→ **Instructions for the task**
Could you copy exactly the lines below, beginning at the line with "Por exemplo, se" and stopping after the line with "Easy to Take", with no pictures?

→ **Provided information**
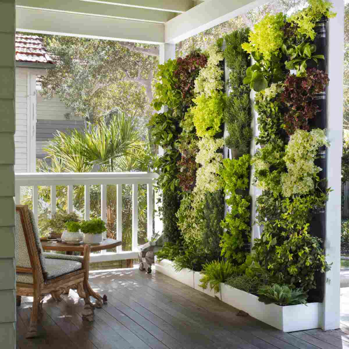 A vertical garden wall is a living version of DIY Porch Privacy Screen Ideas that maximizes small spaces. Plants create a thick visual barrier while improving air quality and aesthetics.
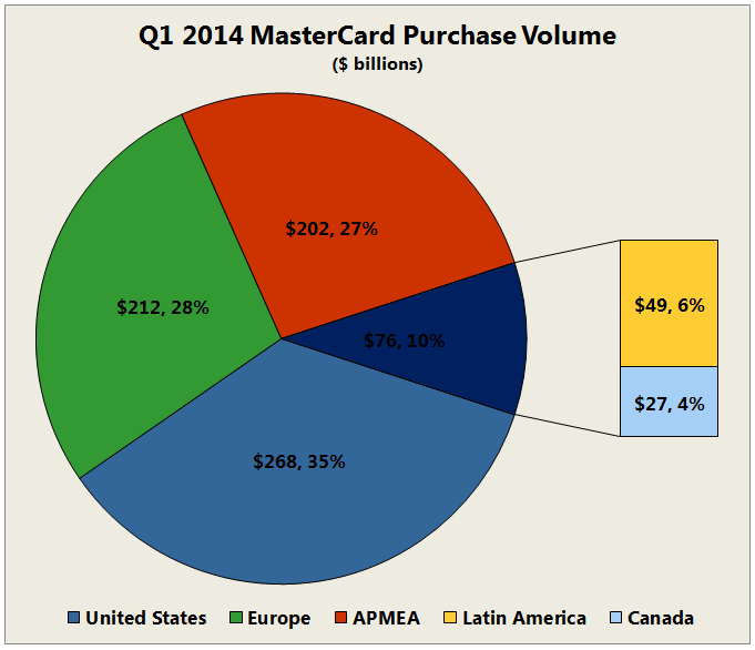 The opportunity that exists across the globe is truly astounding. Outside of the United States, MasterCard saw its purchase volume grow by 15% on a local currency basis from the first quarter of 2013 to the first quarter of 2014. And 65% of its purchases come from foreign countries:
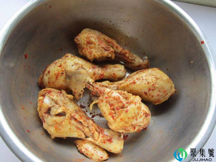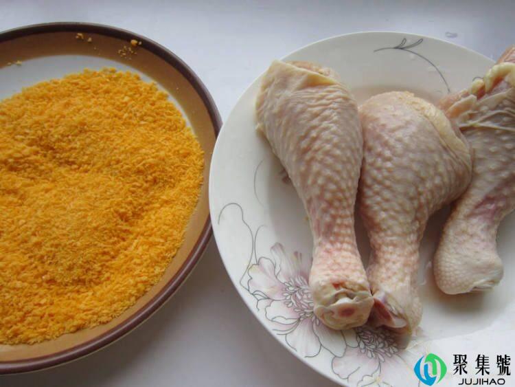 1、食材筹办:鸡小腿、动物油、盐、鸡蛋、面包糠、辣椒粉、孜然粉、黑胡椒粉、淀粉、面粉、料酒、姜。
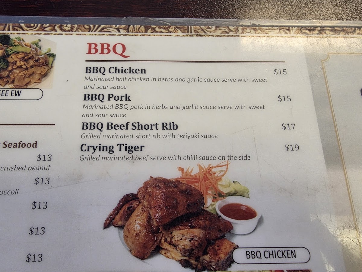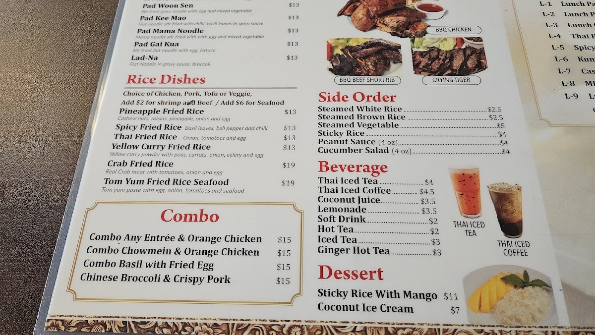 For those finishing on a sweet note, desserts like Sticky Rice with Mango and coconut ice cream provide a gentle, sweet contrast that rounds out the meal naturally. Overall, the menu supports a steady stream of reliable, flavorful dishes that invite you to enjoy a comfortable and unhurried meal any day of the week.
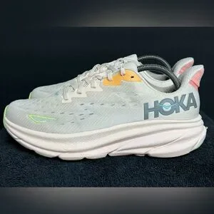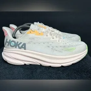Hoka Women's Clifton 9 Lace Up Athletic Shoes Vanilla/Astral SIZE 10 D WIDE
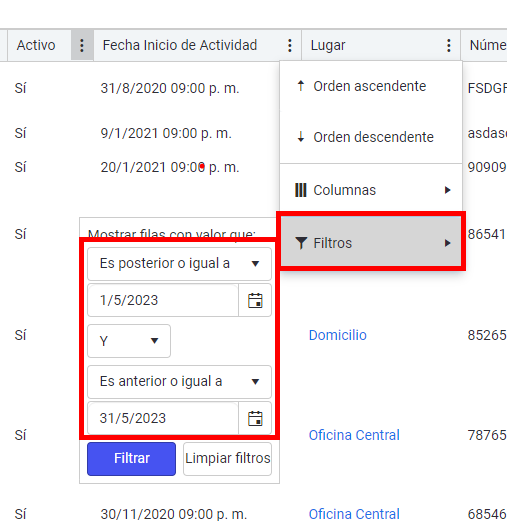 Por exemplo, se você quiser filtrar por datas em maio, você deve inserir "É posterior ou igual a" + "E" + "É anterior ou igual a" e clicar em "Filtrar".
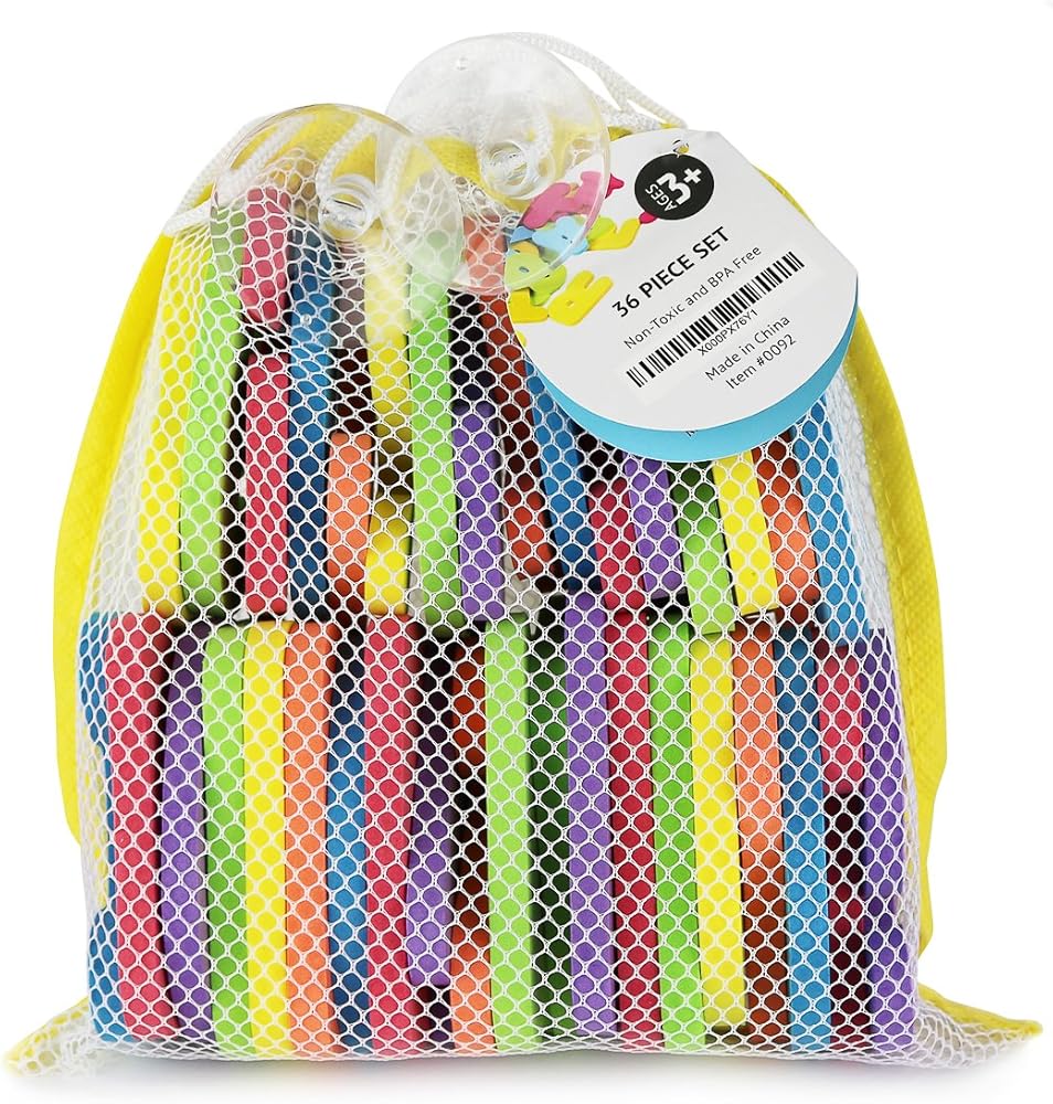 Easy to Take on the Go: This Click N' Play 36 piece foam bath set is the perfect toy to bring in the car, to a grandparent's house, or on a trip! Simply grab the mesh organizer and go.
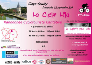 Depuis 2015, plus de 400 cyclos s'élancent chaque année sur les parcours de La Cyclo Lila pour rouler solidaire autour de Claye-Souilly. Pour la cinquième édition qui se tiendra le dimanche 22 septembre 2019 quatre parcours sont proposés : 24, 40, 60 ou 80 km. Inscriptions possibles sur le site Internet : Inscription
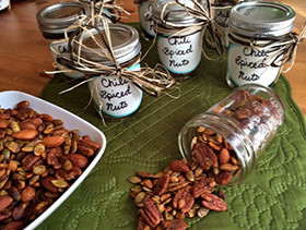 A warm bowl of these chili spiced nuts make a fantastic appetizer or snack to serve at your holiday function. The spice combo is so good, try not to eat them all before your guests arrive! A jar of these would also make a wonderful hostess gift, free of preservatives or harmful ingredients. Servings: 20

→ **Exercise solution**
 Por exemplo, se você quiser filtrar por datas em maio, você deve inserir "É posterior ou igual a" + "E" + "É anterior ou igual a" e clicar em "Filtrar".
 Easy to Take on the Go: This Click N' Play 36 piece foam bath set is the perfect toy to bring in the car, to a grandparent's house, or on a trip! Simply grab the mesh organizer and go.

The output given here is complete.